Petit à petit, le tic-tac se fit moins régulier, un peu plus enlevé. Le lourd balancier commençait à suivre langoureusement les pas de Jorge qui à présent dansait. Juste pour l’échauffement.
Puis silence.
Alors Jorge se plaça à une extrémité de la pièce et tendit sa main en direction de l’horloge. Le mécanisme se figea. La porte de l’horloge s’ouvrit et Jorge vit apparaitre une jambe puis une taille, tout un corps, puis un visage. Et quel visage ! « Non, pas apparaître, émerger plutôt. Ceux qui s’imaginent que les fantômes apparaissent car ils ne sont que des ombres ou des ectoplasmes translucides se trompent évidemment. D’ailleurs ceux qui n’y croient pas se trompent aussi. Il y a des histoires qui sont trop belles pour ne pas exister. Les fantômes existent, ils sont simplement plongés dans certains plis de la réalité qu’on ne voit pas. Il faut juste savoir les faire sortir ». Carmen émergea donc dans la réalité de Jorge. Elle fit un pas, puis un deuxième avant de perdre l’équilibre et de tomber la tête en avant sur le tapis du salon.
Jorge éclata de rire et se précipita vers elle pour l’aider à se relever. « Ben, alors, ma vieille, ma belle, mon amour, tu ne sais plus marcher ? Comment va-t-on danser alors ? » Carmen se releva avec le plus de dignité possible. « J’aimerais t’y voir. Ce n’est pas ma faute si la réalité est particulièrement instable ».

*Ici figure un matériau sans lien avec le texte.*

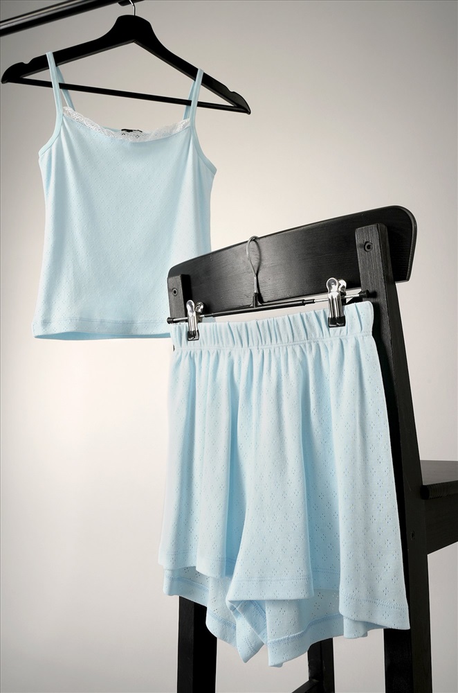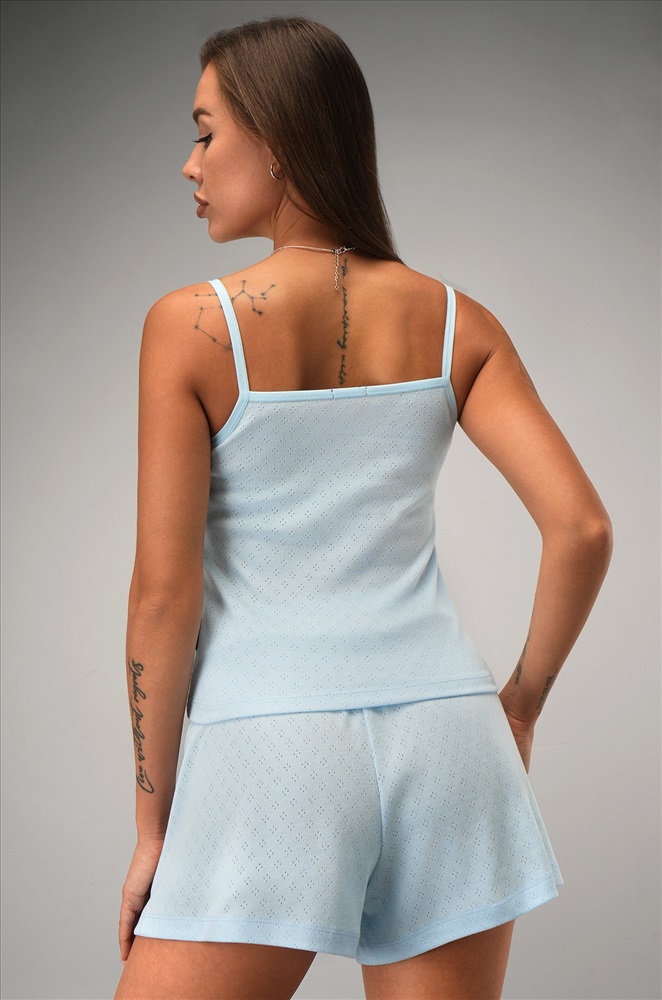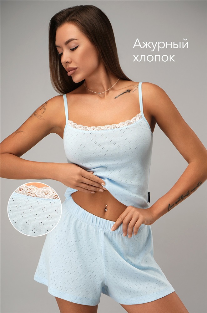 Изящная голубая женская пижама — тот самый комплект, в котором хочется проводить весь день. Лёгкая, нежная и ажурная — создана для удовольствия и комфорта.

Jorge regarda Carmen avec douceur. Carmen, ce chant d’amour qui n’avait plus jamais quitté ses lèvres depuis leur premier tango sous les yeux médusés des balconeadores. Carmen, cette mélodie joyeuse, cet hymne à la passion. Carmen qui mourut un soir de février malgré les remèdes d’un indien Mapuche qui avait bien voulu les recueillir. Carmen qui voulait lui apprendre coute que coute la concordance des temps pour qu’il ne se fasse pas gronder par la maitresse.

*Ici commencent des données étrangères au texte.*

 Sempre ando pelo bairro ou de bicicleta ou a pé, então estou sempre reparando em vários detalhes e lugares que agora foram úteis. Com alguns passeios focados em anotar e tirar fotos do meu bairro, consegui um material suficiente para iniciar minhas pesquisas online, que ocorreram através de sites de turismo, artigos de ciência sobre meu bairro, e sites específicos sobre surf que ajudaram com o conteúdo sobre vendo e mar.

« Il nous reste tant de temps à inventer, Carmen. Tant de modes aussi. Utiliser enfin ces déclinaisons qui nous ont tant manqués. Le présent perfectible, le passé ultérieur, le passé pas si simple, le plus que présent, le passé décomposé, et l’un peu plus de parfait, dans l’espoir que les tristesses d’autrefois fassent les joies d’aujourd’hui. Et aussi le pire-que-passé, l'imparfait du plus-que-parfait et son contraire, et surtout, surtout le futur inconditionnel et l’indéfinitif. 
Mais tu sais, Carmen, le seul que je veux vraiment conjuguer sous toutes ces formes, c’est le temps qu’ils nous restent à vivre. »


 La vida es una milonga…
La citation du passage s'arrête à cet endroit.